Silly Multicast Question (Queue)



  • In previous versions of FOG, there was a limit (10 by default) where when you multicast for active PCs. Now, using 1.1.2, is that setting or default changed? I had a group with 32 computers in a lab and started them today assuming only specified number (figured 10 as default) would start, but all of them started. Sadly I have 10/100 switches to the class rooms and a Gb backbone. Has this changed or am I just missing the setting?

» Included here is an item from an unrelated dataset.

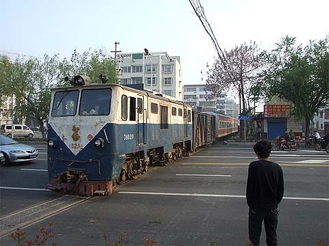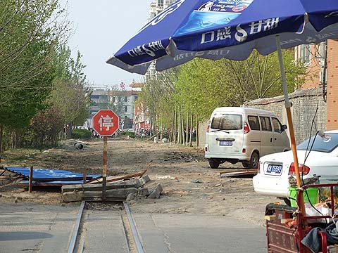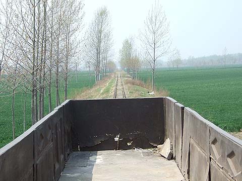 Wilson Lythgoe reports on his visit to this diesel powered narrow gauge railway in Henan Province, China in April 2011. Paul Crooks reports (30th August 2012) that the railway has now CLOSED. See pictures below. The YuDan Narrow Gauge Line was last mentioned in SY Country back in November 2007. At that time it had a daily passenger train said to be the farthest one can travel by ng in China and a number of freight trains. All diesel of course.... Then early this year, purely by chance, I found an internet report by some Chinese Railfans of a visit to Xuchang in October last year and it seemed as if the railway was still operational and passenger train running. As an added bonus this report had a picture of the railway station with a sign above it that translated to 'Small Train Station' and with that in my possession all the hard work was done! I worked out by flying from Chengdu to Zhengzhou, rather than taking the train, I could gain the day and a half I needed to visit the railway and possibly ride the passenger. Zhengzhou Airport appeared to be midway between Zhengzhou and Xuchang with a regular bus service to Xuchang so that was a plus. Xuchang being the only major city on the railway and where I presumed the where the main depot to be. So having settled into a hotel near the China Rail station mid afternoon I got a cab to the 'Small Train Station'. The picture off the www worked a treat. The station turned out to be only a ten minute walk from my hotel so this was the last time I needed a taxi in Xuchang. On arrival the situation did not look promising.....sure there was a station and tracks but no one was around and it all looked very desolate. There was a very faded poster on the wall though showing train 101 would leave Xuchang at 07.00 arriving Dancheng at 1300. Train 104 would depart on the return trip an hour later arriving back at Xuchang at 20.00 but there was really no sign that the railway was operating at all. I spent the rest of the afternoon inspecting the station yard and nosing around the depot area. The yard contained a row of battered 'Huanan' style coal wagons, a carriage that looked as if it had been in an argument with a truck and a railcar probably belonging to the track maintenance gang. Hooked behind the railcar was a flat wagon with some garden benches on it....maybe the makings of a tourist train? According to the maps and information I had, back in 2007, freight traffic was originating from anything up to 70 kilometres west of Xuchang and then passing through Xuchang on its way east. Now the railway had been pulled up immediately to the west of the station. The next block along had already been converted into car parking and beyond that empty ballast curved away into the distance between apartment buildings.
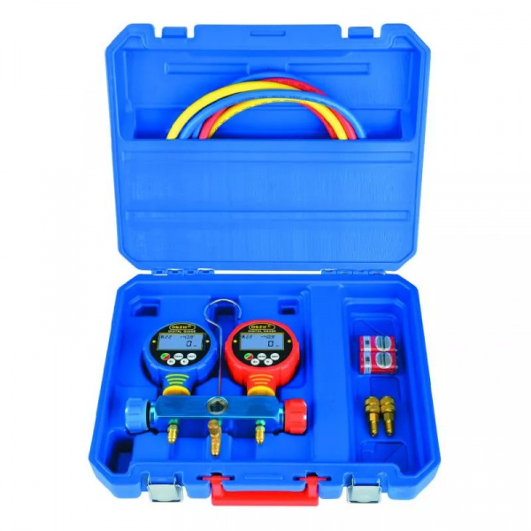 Цифровой манометрический коллектор для работы более чем с 80 различными фреонами, включая R600, R32.

    I figured something like this would be displayed when I started my multicast:

    http://www.fogproject.org/wiki/images/3/3d/Queue.jpg

    Edit: I guess reading the wiki further states this was only for [I]ten[/I] unicast tasks, but multicast is considered one task itself. Is there a way to break the multicast down into parts other than making a separate group? I don’t know why 32 multicasts would be significantly slower than 8.


  • Developer

    http://www.fogproject.org/wiki/images/3/3d/Queue.jpg

    Edit: I guess reading the wiki further states this was only for [I]ten[/I] unicast tasks, but multicast is considered one task itself. Is there a way to break the multicast down into parts other than making a separate group? I don’t know why 32 multicasts would be significantly slower than 8.[/quote]

    Sounds like you figured it out there towards the end, Unicast has a limit to how many machines can be imaged at once, it can be increased or decreased by modifying the configuration settings.

    As far as Multicast goes, your best bet is to start a group and name is Session1, Session2, etc. and put 10 or 12 machines in there and run the multicast for the group.

    Unfortunately at the moment there are no ways to break down a multitask imaging task any further, but it may be something we will look into in the future.

    Personally, I prefer to unicast to multiple machines at once, as you stated there is already a 10 client limit, and you can set up multiple machines to image and when a space opens in the queue it will fill it otherwise it will wait. This may be a little more beneficial to you than multicasting since you seem to want your machines to wait their turn so not to bog down the network, I’ve had multicast hurt me more times than it has helped.

    If you want to use the Queue you need to use Unicast. Multicast makes sure all hosts are on the same “checkpoint” before proceeding and does not rely on the Queue.